We all know the traditional concerns of investors, among which are key statistic like share price, market cap, P/E ratios, revenues, operational expenses, EBITDA, ROI, ROA, ROE, volatility, and a myriad of other pieces of data that, in aggregate, help to paint a picture of future success.
Everyone is amazed by the unparalleled advances in technology that our generation continues to witness, and applauds the impact of those advancements in driving more efficient corporate operations – therefore positively affecting the bottom line. However, advanced technology has also become the preferred tool of corporate espionage. It’s called hacking.
How Big of a Problem is Hacking?
Did you know that “Cyber crime now accounts for half of all crime in the UK?” Whilst we worry about securing our personal identity and information, there is a lot more at stake at the corporate level. Thieves go where the biggest money is. Spies go where the most valuable information is.
The UK’s Data Protection Act regards cyber security as a major threat and requires companies to take “appropriate technical and organisational measures” to protect customers against suffering losses? However, that Act addresses only the protection of our personal data. What about corporate data? The kind that, if stolen, can destroy a company either slowly or overnight.
The U.S. Food and Drug Administration has recently begun to shine a light on the need for cyber security measures to encourage companies under their purview to “monitor and assess cyber security risks…to help fix or address vulnerabilities as quickly as possible.” The FDA has proposed that “medical device manufacturers… take a proactive approach to cyber security management of their medical devices.”
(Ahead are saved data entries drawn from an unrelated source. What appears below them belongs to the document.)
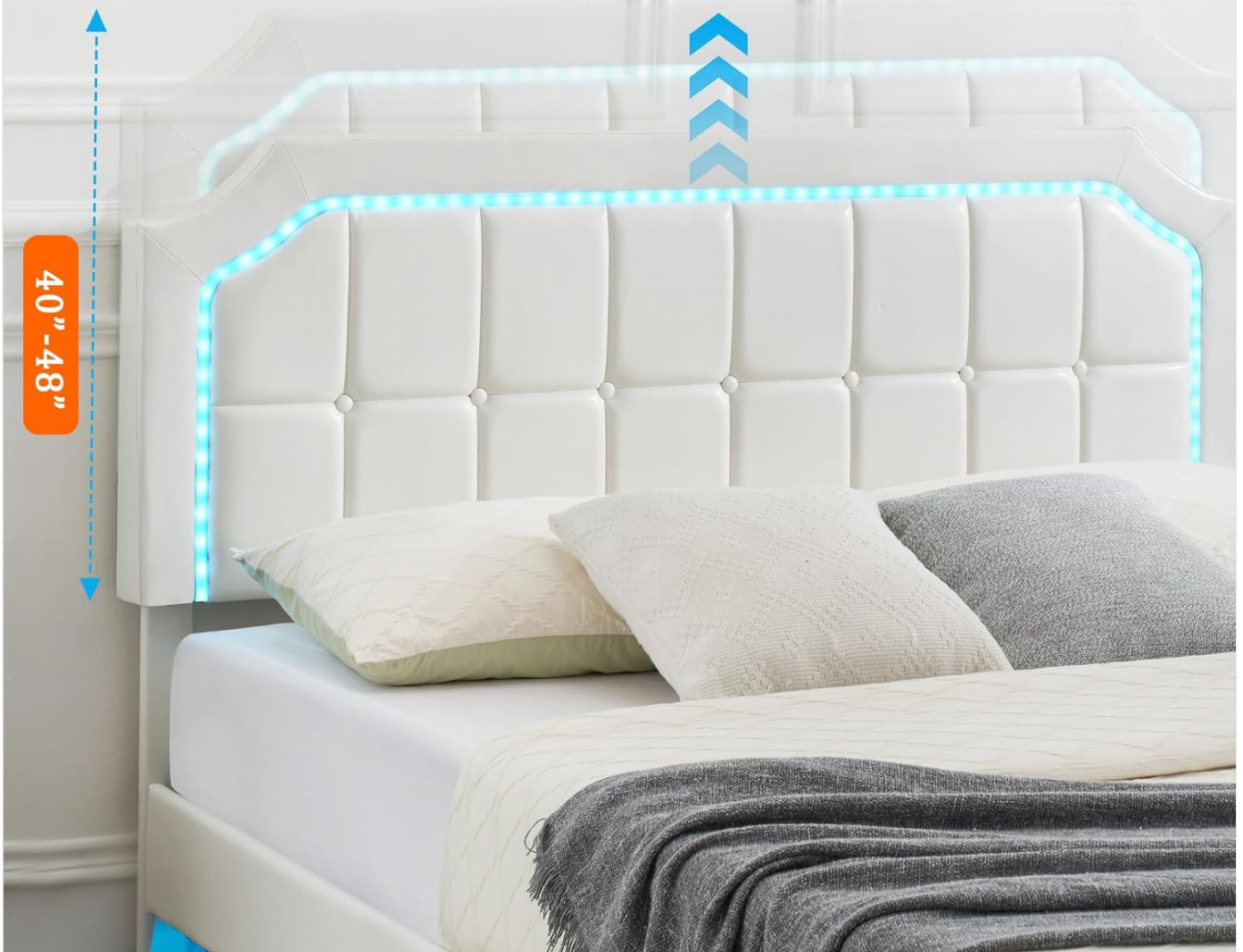
Image: Illustration showing the adjustable height feature of the headboard, ranging from 40 to 48 inches, with a recommendation for mattresses between 6 and 14 inches thick.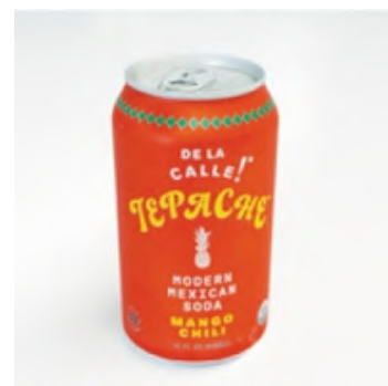
7169416 12/12Z De La Calle Mango Chili Mexican Tepache Soda

Questions? Contact our Sales Support Team 888-404-3828 319support@euroimp.sysco.com www.eiltd.com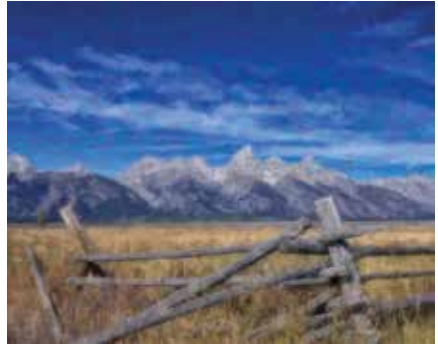
Wild West Metallic Standout 30 x 24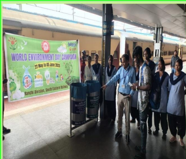
World Environment Day Campaign at Ranchi Division Emphasizes Plastic Reduction, Recycling, and Waste Management.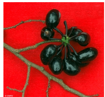
Fruit, side view.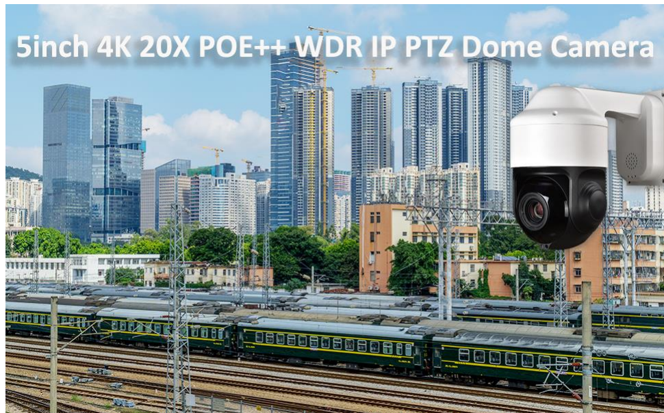
5inch 8MP 20X IR POE++ PTZ IP Dome Camera Outdoor

The High Speed PTZ Camera adopts the advanced anjvision solution, it's not only bringing ultra-HD video streams, but also delivers reliable operation, a long & stable operating life, and a wonderful using experience.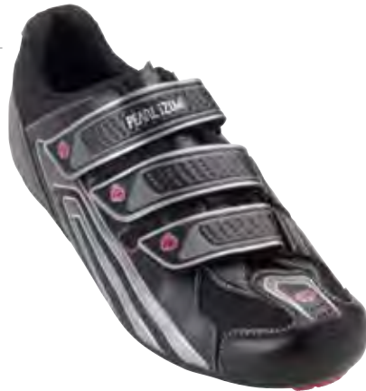
Black/ Silver – 528

39-47 in 1/2 sizes, 48, 49 Weight: 265g (size 43) SPD COMPATIBLE

How Big of a Problem is Vulnerability?
A report released today by Cisco (NASDAQ:CSCO) cites a decline in “Defender Confidence” regarding corporate data security. Whilst 64% (less than two-thirds) of corporate security professionals expressed confidence that their security infrastructure was “up to date” in 2014, only 59% expressed the same confidence in 2015. Note that “up to date” is the operative phrase. Illustrating the point,
- An analysis of more than 115,000 Cisco devices showed that 92 percent were running software with known vulnerabilities.
- 31 percent were no longer on the market.
- 8 percent were “end of life.”
- The financial services industry has the highest percentage of devices that had passed their last day of support, at 20 percent.
John Stewart, a vice president of Cisco and its Chief Security and Trust Officer, noted that, “Despite all the hard efforts, there is concern that both the speed at which the technology and capabilities being deployed, and the number of people, qualified individuals to be hired, and the overall approach in the face of an overwhelming number of attacks.”
What Should Investors Do?
Any investor, by virtue of their investment, has a right to know how companies are operating. This applies to how they operate relative to data protection.
Investors should investigate at least these areas of concern:
- Does the company have a Chief Intellectual Property Officer (CIPO) or other similar executive level position?
- What are the responsibilities of the person and position?
- What is the status the corporate data protection infrastructure?
A Caveat
Infrastructure of any kind is traditionally neglected at the executive level because improvements mean more capital expenditure on items that board-level perspectives regard as non-productive expense. The issue, however, is not what it will cost to maintain and upgrade security measures. It is what it will cost if the company does not. Investors, insist on accountability.